Sim. O facto de ter nascido nos EUA e de ter continuado a seguir a realidade norte-americana desde Portugal ajudou-me muito no processo de integração. A forma como se faz televisão não é muito diferente, mas no que toca ao jornalismo existem algumas orientações e normas deontológicas que tornam o exercício da profissão ligeiramente distinto.
O que faz agora em termos profissionais?
Em 2017 deixei Atlanta e voltei para Boston, onde sou produtor sénior no maior canal de televisão pública dos States, GBH.
Como é a sua vida fora do trabalho?
Treinava uma equipa de futebol juvenil, mas está tudo suspenso por causa da covid-19. Comecei agora a desenvolver um podcast dedicado ao futebol com amigos de infância. De resto, ouço muita música e vejo filmes e séries. E passo tempo com a minha filha de 2 anos.
“Existe desigualdade no acesso ao sonho americano”
Como olha para os EUA do pós-eleições?
Estamos num momento crítico. Estas eleições, embora tenham resultado num claro vencedor, revelaram muita divisão no país.
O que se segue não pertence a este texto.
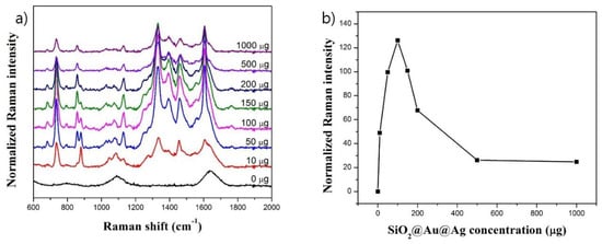 According to Ding et al., the mass and concentration of SERS materials may have significant effects on SERS performance [63]. Specifically, higher loading of silver increases the background signal of SERS, leading to decreased SERS signals. In this study, we performed SERS measurements of ATP (10 mM) with 10–1000 μg of SiO2@Au@Ag NPs. Figure 2 revealed that few SiO2@Au@Ag NPs could have been available as hotspots for SERS. Thus, a weak SERS signal of ATP was observed with 10 µg of the NPs. The SERS signals of ATP increased dramatically from 10 to 100 µg of SiO2@Au@Ag NPs, reaching a maximum value at 100 µg. However, the SERS signals of ATP with large amounts of SiO2@Au@Ag NPs (from 150 to 1000 µg) decreased dramatically because large number of NPs increased the background signal of the NPs and at the same time, decreased the number of ATP molecules adsorbed on the surface of the NPs. Therefore, the optimal amount of the NPs was set as 100 μg for further analysis.
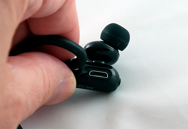 С обратной стороны - закрытый заглушкой порт для зарядки. Заглушка мягкая, резиновая, открывается без проблем, и ее не тянуло сразу оторвать, как я это сделал с QCY QY8.
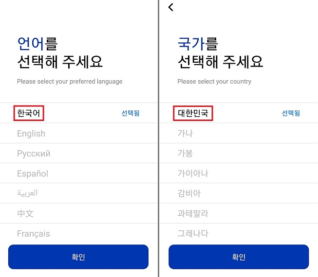앱을 처음 실행하면 사용할 언어와 국가를 선택합니다.
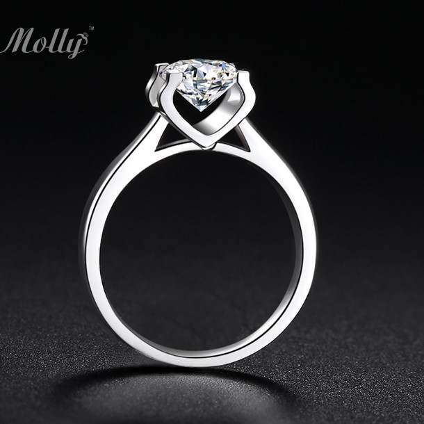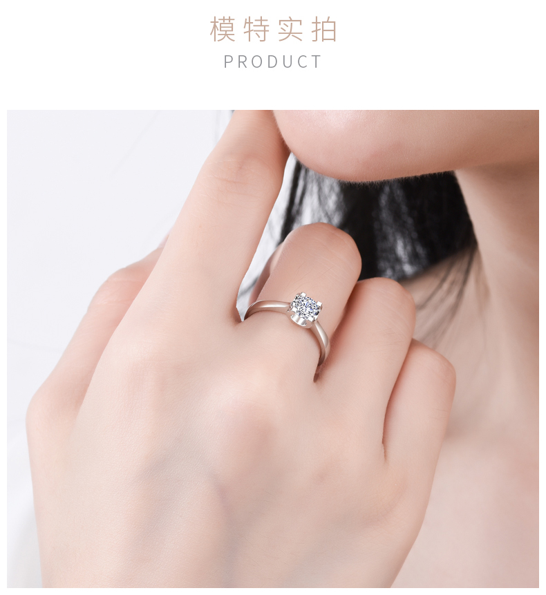 莫桑石戒指女D色18K白金经典牛头四爪1克拉结婚求婚钻戒pt950铂金
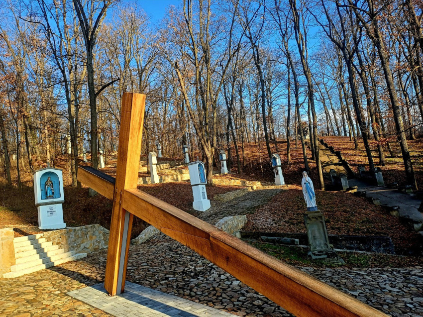 – Igen. Ugyancsak a kegytemplom mögötti dombon, a keresztút végén lévő Szent Kereszt-kápolnától indulva bal oldalon találhatók a dicsőséges út stációi, amelyek Jézus feltámadása utáni dicsőséges megjelenéseit követik végig egészen pünkösdig. Sajnos a második világháború után az itt állomásozó orosz katonák, mielőtt 1952-ben hazamentek volna, a tizennégy stációból hetet ledöntöttek. Ezeket azóta sem állított helyre senki. Igaz, hogy a kommunista diktatúra éveiben nehéz lett volna a rongálást helyrehozni, az itt lakó ferencesek pedig idősek, betegek voltak, nem vállaltak egy ilyen nehéz munkát. Remélem, hogy a Jóisten ad annyi egészséget, hogy ezt a felújítást még befejezzem. Ha összegyűlik rá a szükséges pénzösszeg, egy év alatt végzünk a felújítással; cég, mérnök, munkás lenne hozzá. A felújítás körülbelül 200-250 ezer lejbe kerülne. (…) A stációkból elvileg hetet fel kell újítani, hetet pedig újonnan készíteni. De mivel a régieknek nincs megfelelő alapjuk, jobb volna a még álló hét stációt is lebontani, és szilárd alapra újra felépíteni. Akkor legalább 150–200 évig nem kellene javítani.
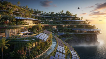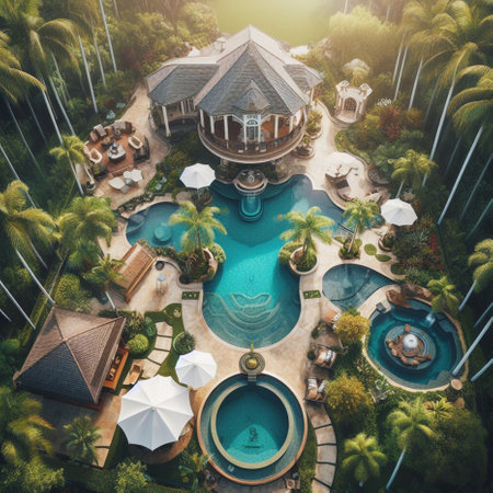 the luxury resort, captured in an aerial view, showcases a stunning landscape adorned with an abundance of palm trees. the composition of the photo is reminiscent of hyperrealistic art, drawing inspiration from renowned artists like beeple. the image features a beautiful color palette of bronze and aquamarine, enhanced through darktable processing. the intricate foliage is a testament to the influence of desertwave and the dusseldorf
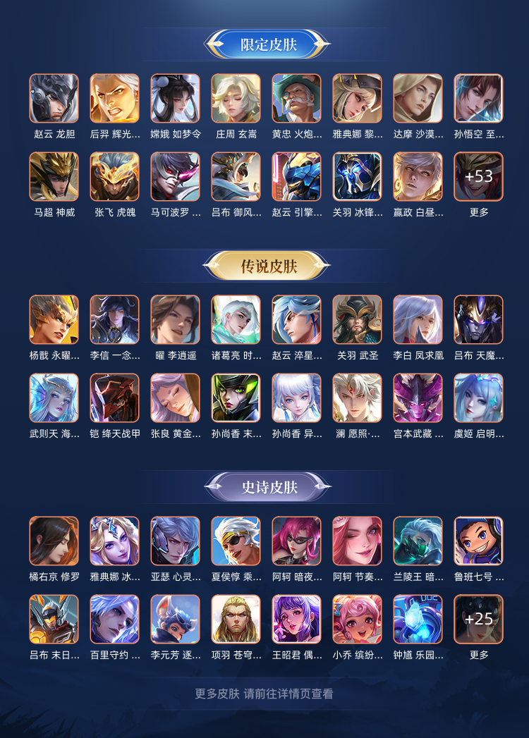李逍遥+五虎上将全皮等多款限定皮肤,全部英雄和满铭文

O processo de transição será um teste tremendo às instituições democráticas americanas e a sobrevivência do Estado de Direito depende do triunfo das mesmas.
Diz-se que os EUA são o país das oportunidades. Concorda?
Deu-me oportunidades e experiências que não teria tido em Portugal. Estou profundamente grato aos EUA, país pelo qual tenho imenso carinho. No entanto, tenho plena consciência de que se trata de um país profundamente desigual. Existe desigualdade no acesso ao ensino e à saúde. Existe desigualdade no acesso ao sonho americano. Existem fortes assimetrias entre o mundo urbano e rural. Existe racismo e xenofobia. E (quase) todos os problemas sociais que temos resultam da desigualdade e do preconceito. Nos EUA, existem praticamente dois países em profunda contradição um com o outro a tentarem coexistir. E a falência da verdade, isto é, a nossa incapacidade coletiva para nos colocarmos de acordo sobre o que é real e factual, torna impossível que esses dois blocos cheguem a qualquer tipo de compromisso.
Pretende regressar a Portugal?
Sim.
Ainda mantém ligação aos colegas da Universidade?
Sim! Falo regularmente com os meus amigos Coxos.
Chegou a colaborar na redação das primeiras edições deste jornal. Ser escolhido para a rubrica “Percurso” deste número especial é uma sensação de missão cumprida?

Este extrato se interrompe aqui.